Мама подняла глаза на Грима, Миккелина и Симон не посмели. Томас, не шелохнувшись, стоял там, где уронил на пол тарелку с кашей.

— Будь я проклят! Я же начал догадываться! Черт побери! Меня же всего жгло изнутри! Ногой-рукой двинуть не мог! И такая боль, такая адская боль…

Грим подскочил, налетел на шкаф, стал выдергивать ящики и швырять их на пол. На него нашло. Сбросил все с полок на пол, вытряс все из ящиков, наконец нашел старый пакет из-под молока и швырнул его об стену. Пакет лопнул, и оттуда вывалилась стеклянная баночка.

— Вот оно, да?! — заорал он, поднимая склянку и наклоняясь над мамой.

— Сколько времени ты меня травишь, а? — прошипел он.

Мама смотрела ему прямо в глаза. Рядом с ней на полу стояла горящая свечка и лежали ножницы — пока Грим громил кухню в поисках яда, мама в спешке выхватила их из ящика и нагрела на пламени свечи, обрезала дрожащими руками пуповину и перевязала ее.

— Отвечай, блядь такая!! — заорал Грим.

Ей ни к чему было отвечать. Грим все понял и так — по ее глазам, по выражению лица. Увидел наконец противную себе волю. Понял, что она, глубоко внутри, не отдала ему ни пяди, так никогда и не уступила ему, хоть он бил ее смертным боем, осталась несломленной, хоть он столько раз ломал ей кости. Он увидел все это — ее молчание сказало ему лучше всяких слов, как она презирает его, как ненавидит. Беспомощная, лежит на полу с окровавленным ребенком американского солдата в руках, но не сдастся никогда.

Никогда не сдастся. Не с этим ребенком в руках.

— Оставь маму в покое, — тихо сказал Симон.

— А ну дай его сюда! — заорал Грим. — Змея подколодная, отравительница, дай мне его сюда немедленно!

Мама покачала головой и ответила тихонько:

— Никогда ты его не получишь.

— Оставь маму в покое!

Это снова Симон, погромче.

— А ну давай его сюда! — бушевал Грим. — А не то я вас обоих убью! Всех вас убью! Всех вас!! Всех убью!!!

Изо рта у него пошла пена.

— Чертова шлюха! Решила меня убить! Одурела совсем! Как ты посмела! Убить меня!

— А ну прекрати!!! — заверещал Симон.

Мама одной рукой прижала новорожденного покрепче к груди, а другой стала шарить на полу, искать ножницы. Ножниц нигде не было. В ужасе она оглянулась вокруг, забыв на миг про Грима, но ножницы исчезли.

* * *

Эрленд поднял глаза на Миккелину.

— И кто же забрал ножницы? — спросил он.

Миккелина стояла у окна, спиной к гостям.

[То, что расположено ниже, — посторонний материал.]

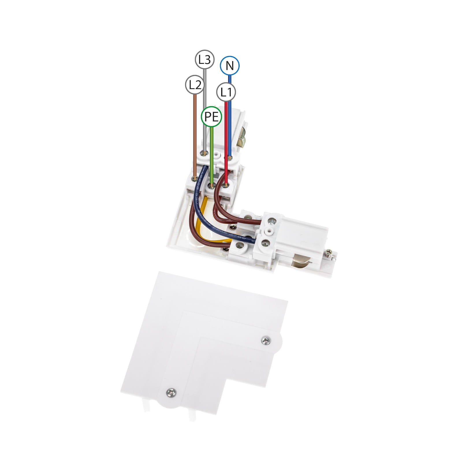Łącznik kątowy zasilający do szynoprzewodów 3-fazowych podtynkowych biały

Эрленд и Элинборг переглянулись — у обоих возникла одна и та же мысль.

— Вы — единственный человек, который знает, что произошло? — спросил Эрленд, не получив ответа.

— Да, — ответила Миккелина. — Кроме меня, не знает никто.

— И кто же забрал ножницы? — повторила за боссом Элинборг.